Some stats: Fifty-one (51) percent of all website traffic is organically searched. Ten (10) percent is from paid traffic and 5 percent comes from social media traffic. The remaining 34 percent comes from all other sources.

Let’s examine direct traffic and organic traffic further.

Direct Traffic

Direct traffic often comes from employees of the company for whom entering in their company’s website (usually bookmarked, we presume) is all part of a day’s work. Customers of a company are also culprits of direct traffic due to return business. They do not need to look up company B when they regularly get their widgets from company A. Then there is word of mouth directed traffic. A web browser (a person, not a thing) has heard about a company’s website and decides to enter into their browser (the thing, not the person). They do not need to look for it through a search engine results because they remember the URL.

Organic Traffic

Organic search traffic is defined by those who explore by means of a search engine such as Bing or Google. Inbound marketers want to increase organic searches, which can affect a company’s website design and development. Organic traffic excludes traffic from paid advertising, but that is not to say that there is not an impact.

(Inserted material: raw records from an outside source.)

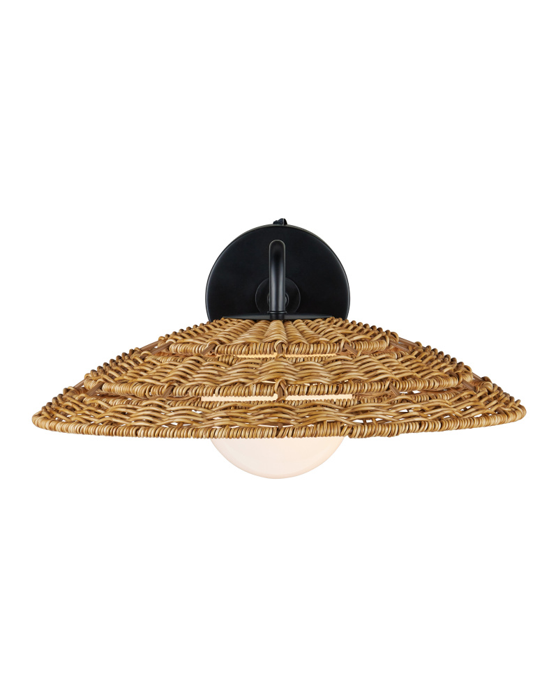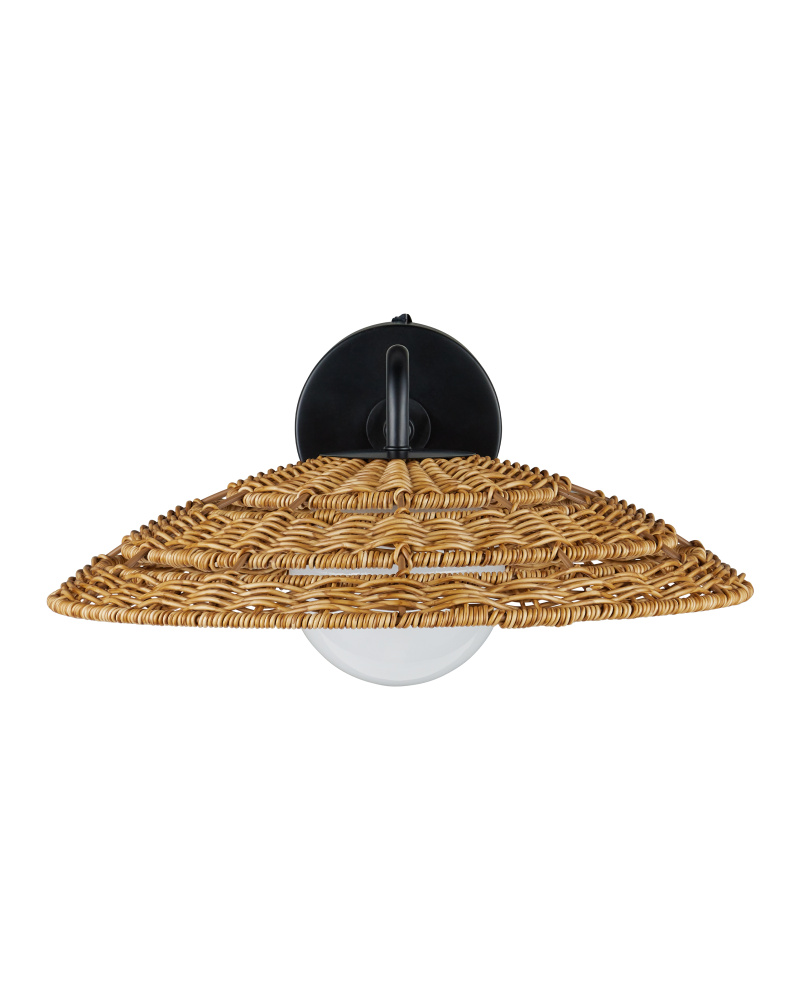 The Barbary Outdoor Wall Sconce has an inverted bowl-shaped shade made of all-weather wicker that can easily withstand the elements, as will the metal backplate and gooseneck arm in a black powder-coated finish. The uniform weave on the tan wall sconce is painstakingly achieved by hand. Another sophisticated detail is how the milk-glass globe on the one-light sconce glows through the circular cut out. The Barbary is wet location-tested so it is ideal for illuminating patios and porches.
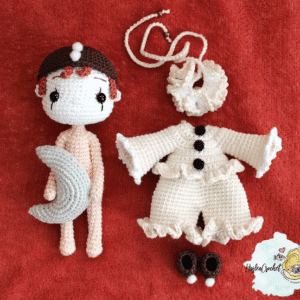 4,50 €Create Little Pierrot, a poetic and nostalgic crochet doll with a removable jumpsuit, hat, and shoes. This pattern also includes a dreamy crescent moon. Available in English and French. Intermediate level.
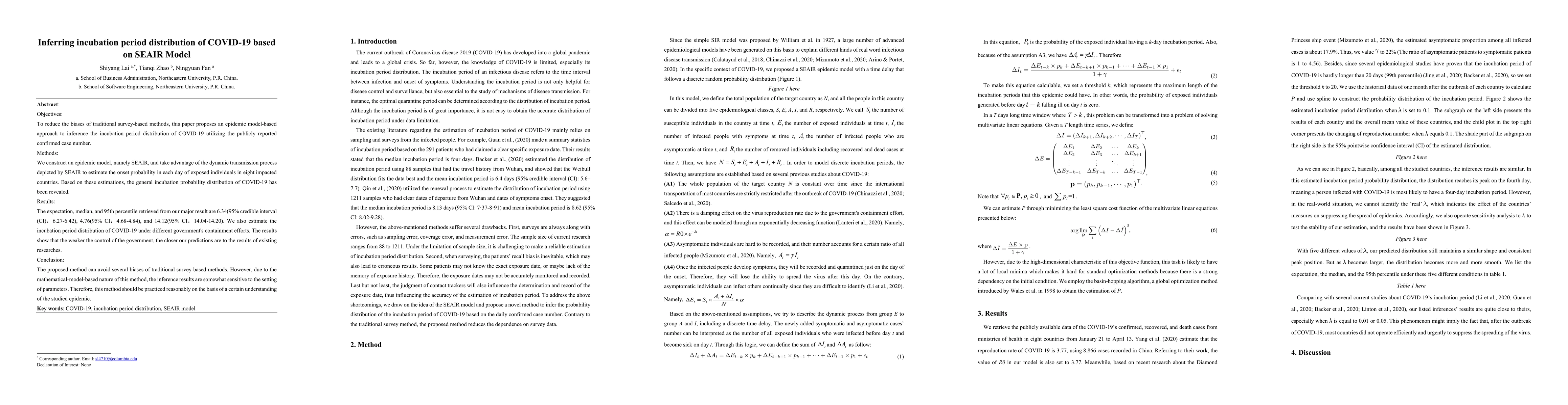 This paper proposes an epidemic model-based approach to infer the incubation period distribution of COVID-19 using the SEAIR model and confirmed case numbers, avoiding biases from traditional survey methods. The study estimates the onset probability of exposed individuals across eight countries, revealing the general incubation probability distribution.
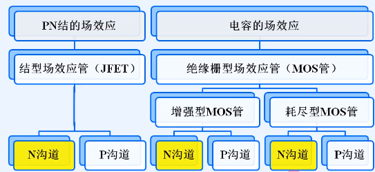 一、场效应管分类 1.两类电场效应 场效应管:场效应晶体管 ①PN结耗尽层宽度随反向电压变化的场效应 在PN结施加反向电压,耗尽层会逐渐变宽,通过改变耗尽层宽度来对导电通道进行控制。 ②电容正负电荷吸引力构建导电通道的场效应 当在电容左基板上施加正电荷,P型半导体的自由电子会向左侧运动,随着左侧基板电压增大,自由电子会在P型半导体左侧汇集,当电压增加到一定程度,P型半导体左侧区域会形成反型层(P型半导体的多子时空穴,而这里自由电子较多,所以称为反型层)
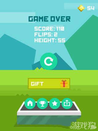 游戏的玩法是很简单的,我们通过按左右两边的旋转按键来控制小人下落和空翻的方向,如果空翻成功,那么下一次他就会跳的更高。大家按键的时间长短决定了翻转的角度,能否做出炫酷的动作,就看大家怎么按咯。
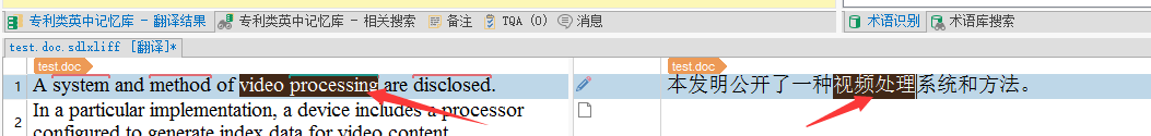 这是一篇美国某公司的公开专利文献的摘要部分,我们输入译文。第一句翻译好之后,当我们想将其中的video processing这个词定义到我们的术语库里的话,我们在原文里用鼠标选中“video processing”,再在译文里同样选中“视频处理”,如下图:
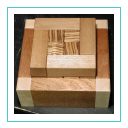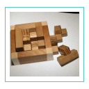 Een pakprobleem met rechthoekige vormen. Vijf stukken zijn ongelijk en asymmetrisch, heeft drie lagen. Hij heeft ook een unieke oplossing. Hout: doos: Mahonie en Esdoorn. stukken: Noten en Zebrano. Stukken: 7

Today, we are conditioned to say or respond to “Google it.” When we do this, the ads are displayed first, and this has somewhat of a subliminal effect if you will. The big name search engines have gained users’ trust and therefore a paid ad at the top can influence the web user whether they click on that link or not. On a later search or later on in an initial search a web user may click on a website for which there was an ad even though they passed up the ad. Organic search rankings are often spurred by those who have been taught to scroll down past the ads, which are marked with the small box with “ad” stamped inside.

Organic traffic owes a debt of gratitude to SEO keywords as a primary source. Good use of SEO keywords compete well and increase a website’s ranking, which will garner more organic traffic. Entrepreneurs, marketers and those creating a new website do well to implement best practices based on knowledge of web traffic sources to succeed in their website design and development goals.